Carrying far too much weight when diagnosed with MS (multiple sclerosis) is linked to higher current and subsequent levels of disability within a relatively short period of time, finds research published online in the Journal of Neurology Neurosurgery & Psychiatry.

Reverting to a healthy weight may improve clinical outcomes for obese patients with MS, suggest the researchers.

Obesity during childhood and adolescence is associated with a heightened risk of developing MS, irrespective of other potential environmental triggers. But it's not clear if it might also be linked to faster disability progression after diagnosis.

To try and find out, the researchers drew on 1066 participants with relapsing-remitting MS from across Germany who were taking part in The German National MS (NationMS) study. More than a quarter (29.5%, 315) of them were men with an average age of 33.

When MS was diagnosed, 159 patients (15%) were obese with a BMI of at least 30. Co-existing conditions associated with obesity (type 2 diabetes, high blood pressure) were reported in 68 patients (just under 6.5%).

Their levels of disability were monitored every 2 years for a total of 6 years, using the Expanded Disability Status Scale (EDSS).
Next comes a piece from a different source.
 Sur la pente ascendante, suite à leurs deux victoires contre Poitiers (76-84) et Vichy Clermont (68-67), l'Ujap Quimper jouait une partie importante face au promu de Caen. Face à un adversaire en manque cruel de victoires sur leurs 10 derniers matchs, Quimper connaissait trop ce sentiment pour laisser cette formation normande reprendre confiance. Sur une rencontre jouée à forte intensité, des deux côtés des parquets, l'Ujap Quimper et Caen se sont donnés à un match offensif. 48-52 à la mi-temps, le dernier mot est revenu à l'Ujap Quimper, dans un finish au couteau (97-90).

This ranges from 0 to 10 in 0.5 unit increments.

Obesity at diagnosis wasn't associated with a higher annual relapse rate, or greater build-up of nerve damage, as seen on MRI brain scans, over the 6-year monitoring period.
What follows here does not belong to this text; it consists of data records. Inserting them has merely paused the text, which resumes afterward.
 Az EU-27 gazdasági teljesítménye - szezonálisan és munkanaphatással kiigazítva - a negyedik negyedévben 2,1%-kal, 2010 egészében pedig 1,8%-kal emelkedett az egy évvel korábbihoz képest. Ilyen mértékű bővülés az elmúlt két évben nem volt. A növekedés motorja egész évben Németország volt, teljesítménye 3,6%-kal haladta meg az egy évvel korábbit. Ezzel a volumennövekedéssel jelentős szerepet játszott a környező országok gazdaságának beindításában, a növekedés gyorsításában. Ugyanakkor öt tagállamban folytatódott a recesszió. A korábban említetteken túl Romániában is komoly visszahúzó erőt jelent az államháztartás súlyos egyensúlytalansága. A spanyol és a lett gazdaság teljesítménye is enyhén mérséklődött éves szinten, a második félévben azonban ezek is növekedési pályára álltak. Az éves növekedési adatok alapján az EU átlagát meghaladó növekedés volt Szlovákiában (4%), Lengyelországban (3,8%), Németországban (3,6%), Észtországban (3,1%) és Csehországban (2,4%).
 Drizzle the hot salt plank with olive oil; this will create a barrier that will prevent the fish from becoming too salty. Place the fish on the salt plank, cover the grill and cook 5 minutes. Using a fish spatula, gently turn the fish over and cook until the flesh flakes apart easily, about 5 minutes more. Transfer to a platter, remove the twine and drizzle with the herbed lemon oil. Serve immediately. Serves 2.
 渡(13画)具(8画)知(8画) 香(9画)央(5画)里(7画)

But levels of disability were higher at the time of diagnosis and at each of the subsequent three time points, after factoring in age, sex, and smoking. And the average time it took obese patients to accumulate greater levels of disability was shorter. They reached EDSS 3 at just under 12 months, on average, compared with nearly 18 months for those who weren't obese.
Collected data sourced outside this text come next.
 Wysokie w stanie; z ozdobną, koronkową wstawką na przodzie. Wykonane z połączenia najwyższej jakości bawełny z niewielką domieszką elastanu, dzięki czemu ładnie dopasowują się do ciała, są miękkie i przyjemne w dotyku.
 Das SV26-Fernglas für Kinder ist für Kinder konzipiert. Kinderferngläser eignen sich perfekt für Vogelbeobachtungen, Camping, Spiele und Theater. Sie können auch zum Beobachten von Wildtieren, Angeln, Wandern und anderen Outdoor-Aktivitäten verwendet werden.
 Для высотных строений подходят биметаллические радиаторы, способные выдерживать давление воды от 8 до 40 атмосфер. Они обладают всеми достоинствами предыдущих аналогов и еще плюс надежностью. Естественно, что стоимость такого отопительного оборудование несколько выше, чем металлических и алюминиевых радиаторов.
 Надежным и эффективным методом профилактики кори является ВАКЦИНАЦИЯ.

Obese patients were also more than twice as likely to reach EDSS 3 within 6 years, irrespective of what type of drug treatment they were getting.

Complete health data were available for 81 (51%) of the obese MS patients and for 430 (just under 47.5%) of the others.

The risk of reaching EDSS 3 within 6 years in this group was again more than twice as high in obese patients as it was in those who weren't, falling to an 84% heightened risk after factoring in sex, age, and smoking.

Importantly, overweight (BMI 25–29.9) at diagnosis wasn't significantly associated with higher disability then or subsequently, or with a heightened risk of reaching an EDSS of 3 after 6 years.

This is an observational study, and as such, can't establish cause. And the researchers acknowledge that BMI was assessed only once at the start of the study while co-existing conditions were limited to type 2 diabetes and high blood pressure, with the number of those affected, small.

But previous research has linked a reduction in brain grey matter with obesity, they point out.

"Our finding that obesity, but not overweight in MS patients, is associated with a poorer outcome suggests a threshold effect of body mass on disability accumulation in MS," they write, adding that obesity is a modifiable risk factor.

"These data suggest that dedicated management of obesity should be explored for its potential merit in improving long-term clinical outcomes of patients diagnosed with MS," they conclude.

Source:
Journal reference:

Lutfullin, I., et al. (2022) Association of obesity with disease outcome in multiple sclerosis. Journal of Neurology Neurosurgery & Psychiatry. doi.org/10.1136/jnnp-2022-329685.